▸ **Exercise aim**: The answer should be every line below, repeated exactly, with the images left out.
--
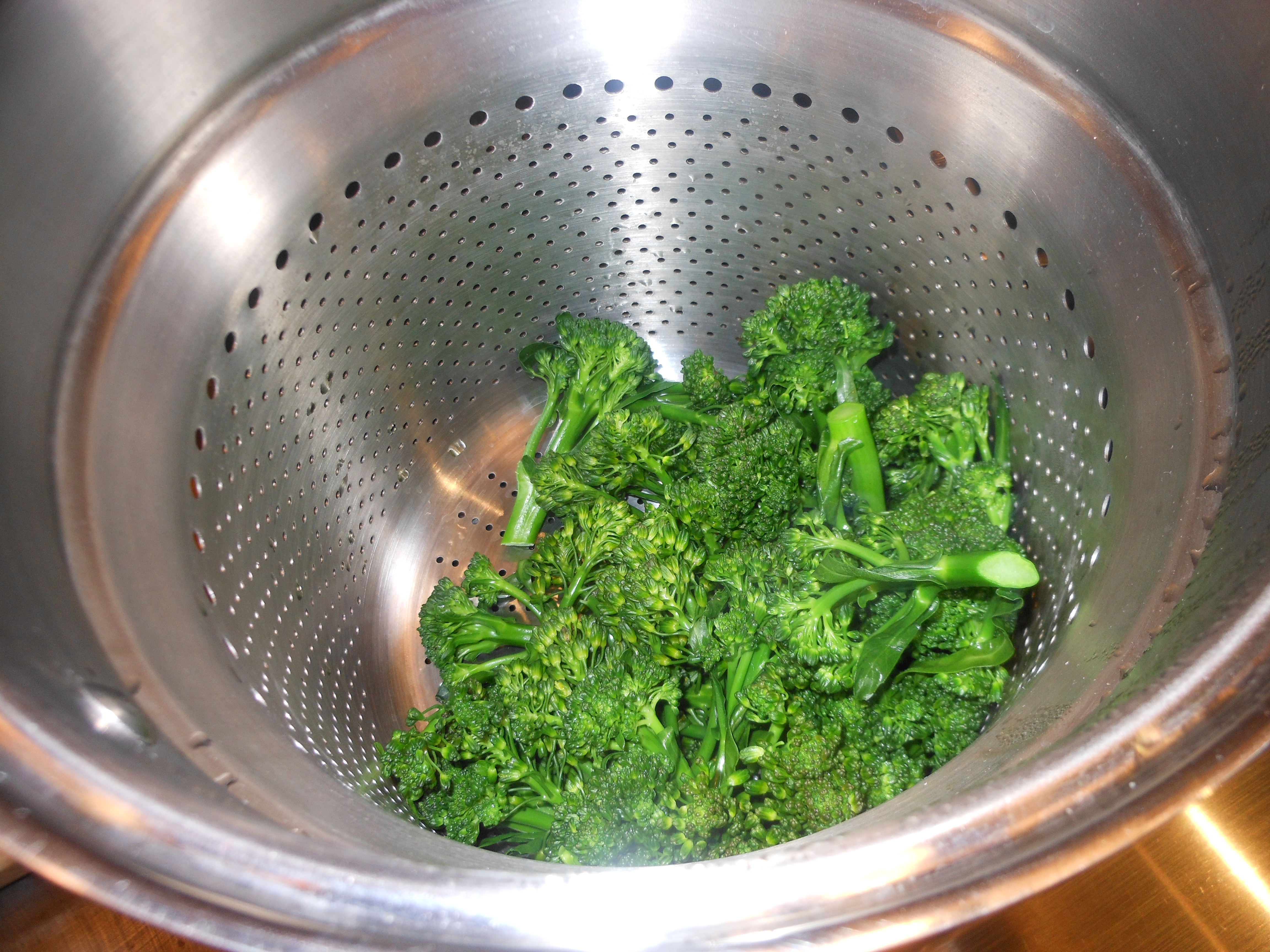 Bring a large pot of salted water to a boil. I use the pasta insert for the broccoli (just easier). If you don’t have that, just add the broccoli and cook until crisp-tender, approx. 3 minutes. Remove broccoli with a slotted spoon and transfer to a bowl. Leave water, return to a boil and use for pasta. After pasta is cooked, drain it and reserve 1/2 cup of the water.
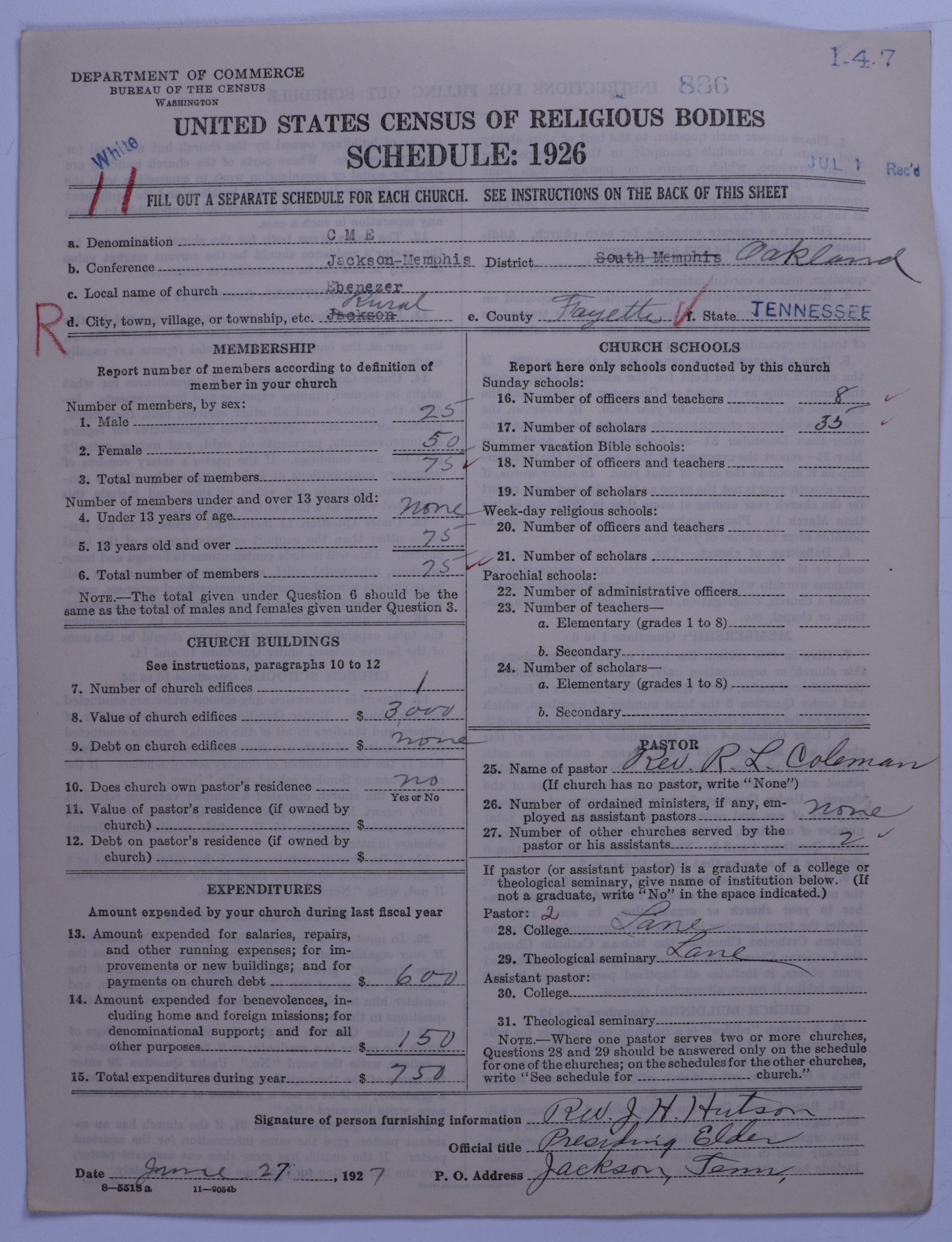 Colored Methodist Episcopal Church: 886
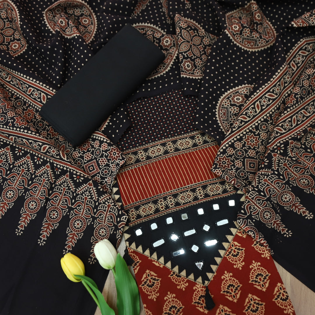 Roshni Cherry Red Thread Embroidered Yoke on Ajrak Printed Cotton Suit Set
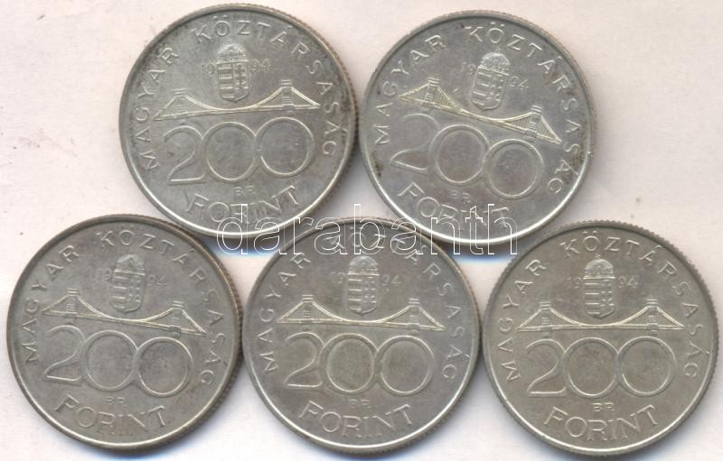 https://www.darabanth.com/en/190-Online-auction/190.0/Numismatics/Hungarian-metal-and-silver-coins~600008/1994-200Ft-Ag-Deak-5x-T2~II713417
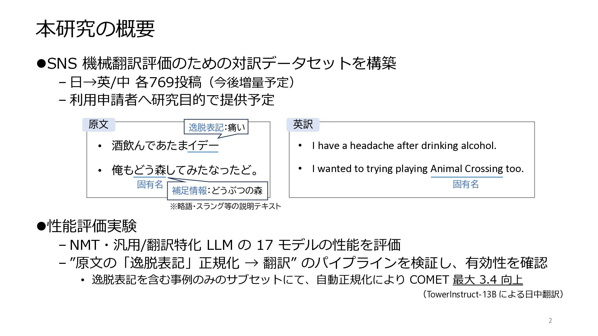 NMT・汎用/翻訳特化 LLM の 17 モデルの性能を評価 – ”原文の「逸脱表記」正規化 → 翻訳” のパイプラインを検証し、有効性を確認 • 逸脱表記を含む事例のみのサブセットにて、自動正規化により COMET 最大 3.4 向上 2 • 酒飲んであたまイデー • 俺もどう森してみたなったど。 固有名 • I have a headache after drinking alcohol. • I wanted to trying playing Animal Crossing too. 逸脱表記:痛い 補足情報:どうぶつの森 原文 英訳 固有名 ※略語・スラング等の説明テキスト (TowerInstruct-13B による日中翻訳)
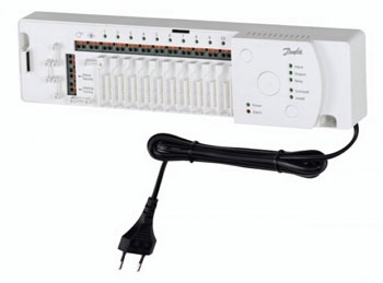 Danfoss kontrol paneli kullanılan oda termostatlarının kablolu veya kablosuz olmasına göre değişen şekiller ile standart elektrik hattından besleme alarak çalışan panellerdir. Bu paneller oda termostatlarının göndermiş olduğu sinyalleri kendi üzerinde anlamlı hale getirdikten sonra yine farklı bir sinyal çeşidi ile aktüatör üzerine gönderir. Bu sayede termostatik vana gerekli su ayarlamalarını kollektör üzerinde sağlayarak, otomasyon sisteminin görevinin tamamlanmasını sağlar.
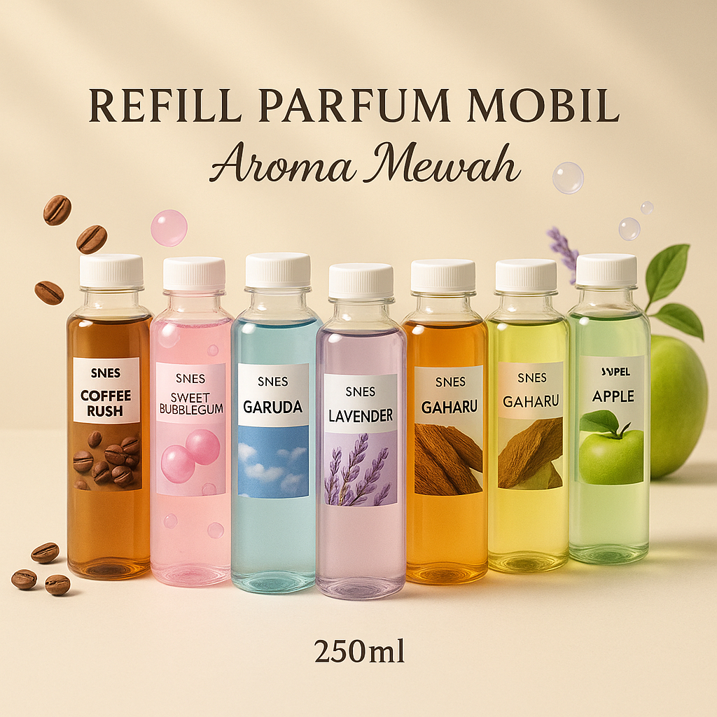 SNES Refill Parfum Mobil Cair 250 ML / Parfum Isi Ulang Parfum Mobil Dan Parfum Pajangan Mobil - Refill Parfum Gantung Botol Apel Dll
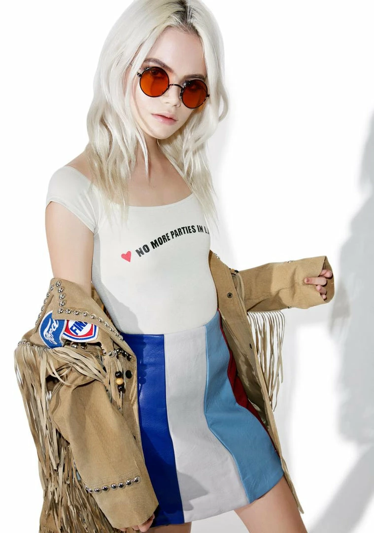 …please baby, no more! Show Γ’ΒΒem yer all partied out in this sikk bodysuit, featurinΓ’ΒΒ a stretchy Γ’ΒΒN curve hugginΓ’ΒΒ nude construction, off-the-shoulder style short sleeves, scoop back, and minimal black lettering reading Γ’ΒΒNo More Parties In L.A.Γ’ΒΒ on the chest.
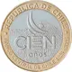 Displays the Escudo Nacional (National Coat of Arms) at the center of the core. Beneath it are the year 2025, the denomination “100”, and the word “PESOS”, overlapping with the ring. Surrounding the design on the ring are laurel branches. |
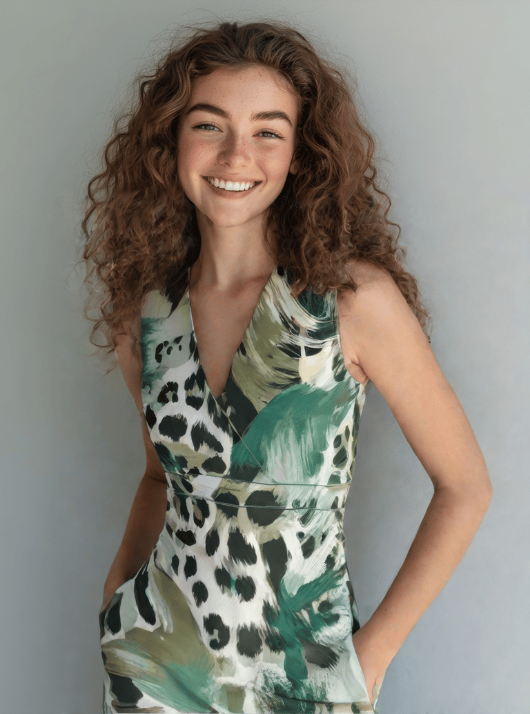 "Vertigo" est bien plus qu’un imprimé, c’est une énergie, un mouvement, un souffle de nature libre qui accompagne ta silhouette avec élégance.
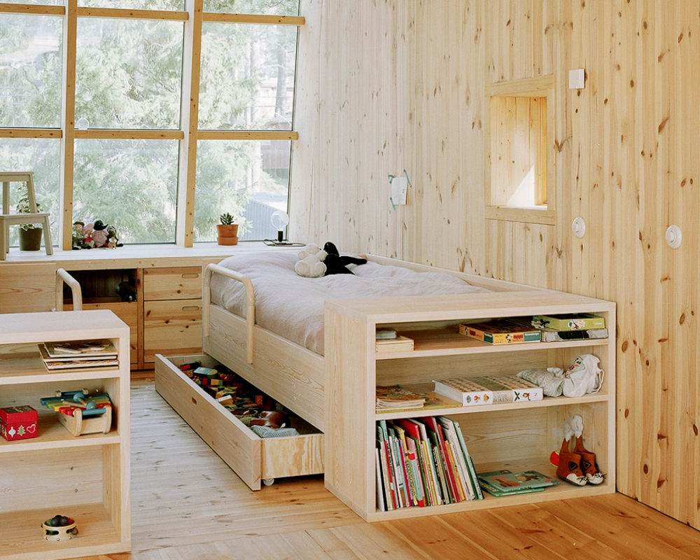 Haciendo gala de la maestría nórdica a la hora de proyectar estructuras en madera maciza, este material versátil aparece por toda la villa. Como armazón y revestimiento externo, creando el mobiliario de la cocina, en forma de escaleras, armarios empotrados, estanterías, camas o puertas correderas, es el componente que proporciona calidez y sabor de hogar.
--
▸ **Your solution**:
 Bring a large pot of salted water to a boil. I use the pasta insert for the broccoli (just easier). If you don’t have that, just add the broccoli and cook until crisp-tender, approx. 3 minutes. Remove broccoli with a slotted spoon and transfer to a bowl. Leave water, return to a boil and use for pasta. After pasta is cooked, drain it and reserve 1/2 cup of the water.
 Colored Methodist Episcopal Church: 886
 Roshni Cherry Red Thread Embroidered Yoke on Ajrak Printed Cotton Suit Set
 https://www.darabanth.com/en/190-Online-auction/190.0/Numismatics/Hungarian-metal-and-silver-coins~600008/1994-200Ft-Ag-Deak-5x-T2~II713417
 NMT・汎用/翻訳特化 LLM の 17 モデルの性能を評価 – ”原文の「逸脱表記」正規化 → 翻訳” のパイプラインを検証し、有効性を確認 • 逸脱表記を含む事例のみのサブセットにて、自動正規化により COMET 最大 3.4 向上 2 • 酒飲んであたまイデー • 俺もどう森してみたなったど。 固有名 • I have a headache after drinking alcohol. • I wanted to trying playing Animal Crossing too. 逸脱表記:痛い 補足情報:どうぶつの森 原文 英訳 固有名 ※略語・スラング等の説明テキスト (TowerInstruct-13B による日中翻訳)
 Danfoss kontrol paneli kullanılan oda termostatlarının kablolu veya kablosuz olmasına göre değişen şekiller ile standart elektrik hattından besleme alarak çalışan panellerdir. Bu paneller oda termostatlarının göndermiş olduğu sinyalleri kendi üzerinde anlamlı hale getirdikten sonra yine farklı bir sinyal çeşidi ile aktüatör üzerine gönderir. Bu sayede termostatik vana gerekli su ayarlamalarını kollektör üzerinde sağlayarak, otomasyon sisteminin görevinin tamamlanmasını sağlar.
 SNES Refill Parfum Mobil Cair 250 ML / Parfum Isi Ulang Parfum Mobil Dan Parfum Pajangan Mobil - Refill Parfum Gantung Botol Apel Dll
 …please baby, no more! Show Γ’ΒΒem yer all partied out in this sikk bodysuit, featurinΓ’ΒΒ a stretchy Γ’ΒΒN curve hugginΓ’ΒΒ nude construction, off-the-shoulder style short sleeves, scoop back, and minimal black lettering reading Γ’ΒΒNo More Parties In L.A.Γ’ΒΒ on the chest.
 Displays the Escudo Nacional (National Coat of Arms) at the center of the core. Beneath it are the year 2025, the denomination “100”, and the word “PESOS”, overlapping with the ring. Surrounding the design on the ring are laurel branches. |
 "Vertigo" est bien plus qu’un imprimé, c’est une énergie, un mouvement, un souffle de nature libre qui accompagne ta silhouette avec élégance.
 Haciendo gala de la maestría nórdica a la hora de proyectar estructuras en madera maciza, este material versátil aparece por toda la villa. Como armazón y revestimiento externo, creando el mobiliario de la cocina, en forma de escaleras, armarios empotrados, estanterías, camas o puertas correderas, es el componente que proporciona calidez y sabor de hogar.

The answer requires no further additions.